What happens to learning histories? Traditionally, in the school or college system, we treat textbooks and references built by experts as the starting point of our education. Students are encouraged to discover through the texts and teacher led activities. However, from one group of students to the other, from one year to the other, it is an ab-initio start. The only continuity is possibly provided by the teacher, who takes to her class the knowledge of any prior learning histories.

The traditional system has a short memory. Histories of student conversations, their trials and tribulations as they navigated unfamiliar terrain, are transmogrified into common mistakes pointed out by the teacher, FAQs built by experts and so on – themselves shortcuts to navigate the longer path taken by the experts to arrive at their conception of the domain. In the process, experts make some reasoned choices about what to leave out. It is important to learn and apply the Pythagorous theorem in a secular manner – never relating to Pythagorous himself or the cultural, social and political context in which he invented the theorem.

These choices are made for the learner. And in this manner, she is condemned to not “know” many learning histories. And therefore, not be able to construct many new forms of learning or adapt histories into new futures.

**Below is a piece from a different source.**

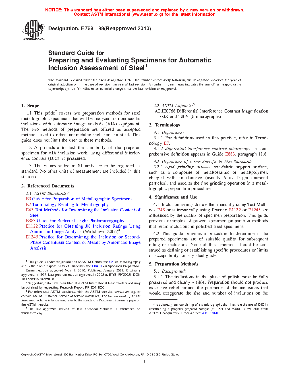 1.2 A procedure to test the suitability of the prepared specimen for AIA inclusion work, using differential interference contrast (DIC), is presented.

This is typical of a system where temporality is key – competence is generated (or not) out of a structured time-space of an institution.

However, this is simply not the way competence is employed and grown at work or in life. Knowledge management is key to successful enterprises and initiatives, where processes become as important as competence. A hallmark of this competence is that it is based on non-linearity of paths taken to perform based on extensive networks of resources available for self-use.

The core issue is that our systems need several proofs of competence as entry criteria to a variety of different spaces. And they need these proofs to be socially acknowledged, presumably because they shift the burden of proving them to experts. As it happens, the provers and the system are often at odds with each other because they believe in different notions of competence and how to engender it.

Scale entrenches these vulnerable and shifting contracts deeper. With scale (numbers, diversity, globalization, technology), it becomes even more difficult to remember or place learning histories within the context of engendering competence. Someone I know told me about how one of his unofficial mentors spent forty years of his life sifting through Ramanujan’s discoveries, trying to decipher how exactly Ramanujan made his phenomenal discoveries – an anachronistic, obscure but inspiring endeavor in these times.

Learning histories are important. They are important for us to spark innovation, to facilitate the next Ramanujan in his discoveries, to place our learning in local and global contexts within which we exist today. And possibly the way we need to retain these learning histories to record the conversations, curate them, enable connections to them, and celebrate the paths that learners before us took to both fail and succeed. And hope that these inform and help develop new ways of addressing our problems today and for the future.